Not a done deal yet: Kerala says Adani-MSC stake sale needs scrutiny (AI generated)
Not a done deal yet: Kerala says Adani-MSC stake sale needs scrutiny (AI generated)Adani Ports' deal with container giant MSC may just have hit a roadblock.
The Kerala government on Wednesday signalled that Adani Ports and Special Economic Zone's (APSEZ) proposed sale of a 49 per cent stake in Vizhinjam port to Mediterranean Shipping Company (MSC) could face scrutiny. It asserted that no ownership change can take place without the state's prior approval.
Responding to a special submission by Leader of the Opposition Pinarayi Vijayan in the Assembly, Chief Minister V D Satheesan said the government had learnt about the proposed transaction through media reports and had not received any formal communication from APSEZ.
On Tuesday, the APSEZ announced that Switzerland-based MSC, the world's largest shipping and logistics group, would acquire a 49 per cent stake in Adani Vizhinjam Port Private Limited (AVPPL), the concessionaire for the Vizhinjam International Seaport, for about $1.4 billion.

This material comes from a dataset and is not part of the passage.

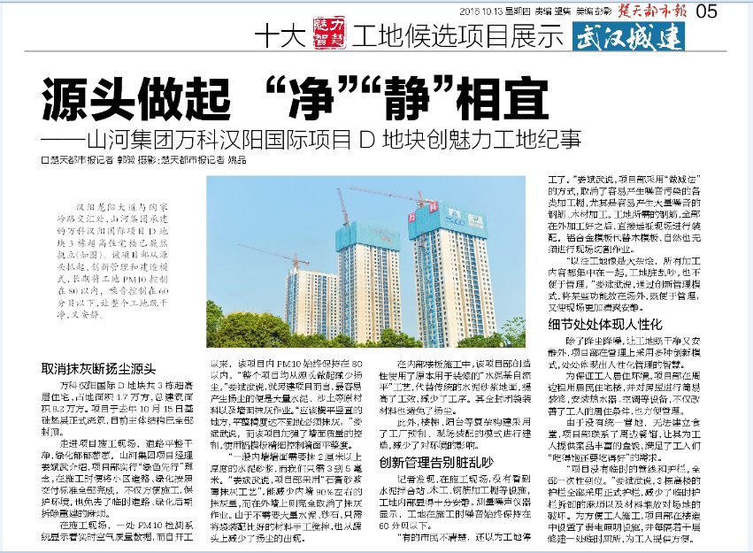 汉阳龙阳大道与陶家岭路交汇处,D体育(中国)D体育(中国)承建的万科汉阳国际项目D地块3栋超高住宅楼已巍然挺立。该项目部从源头抓起,创新管理和建造模式,长期将工地PM10控制在80以内,噪音控制在60分贝以下,让整个工地既干净,又安静。

Must Watch: Adani Ports Gets $1.4 Billion Boost As MSC Buys 49% Stake In Vizhinjam Port
APSEZ valued the transaction at $2.85 billion and described it as the largest foreign private investment in Indian port infrastructure.
Government cites concession agreement
Satheesan told the Assembly that Adani Ports had not communicated anything to the Kerala government regarding the proposed transaction.

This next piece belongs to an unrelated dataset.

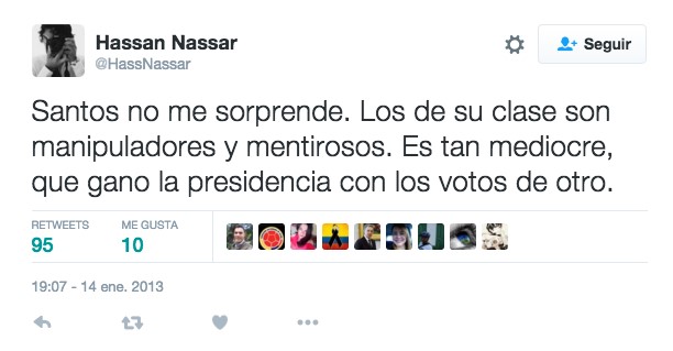 Trinos de Hassan Nassar hace algunos años, fueron recopilados por Las2Orillas.

"No letter or information has been given to the Government," he said.
Quoting Clause 5.3 of the concession agreement, the chief minister said: "The concessionaire shall not undertake or permit any change in ownership without the prior approval of the Authority."
"The Authority is the Government of Kerala," he added.
Satheesan said that under the Companies Act, transfer of more than 25 per cent equity amounts to a change in ownership and therefore cannot proceed without the state's approval.
"The proposal has not yet come before the government. When it comes, we will examine it," he said.
Five factors under review
The chief minister said the government would assess the proposal on five parameters - national security, public interest, fair competition, investment, and the port's long-term development.
He also noted that approvals from the Union Ministry of Shipping and the Union Ministry of Home Affairs would be required because Vizhinjam is a strategically important asset.
"The most important issue we must pay attention to is that there should be a common user facility...There must not be a monopoly where only one company has exclusive access," Satheesan said.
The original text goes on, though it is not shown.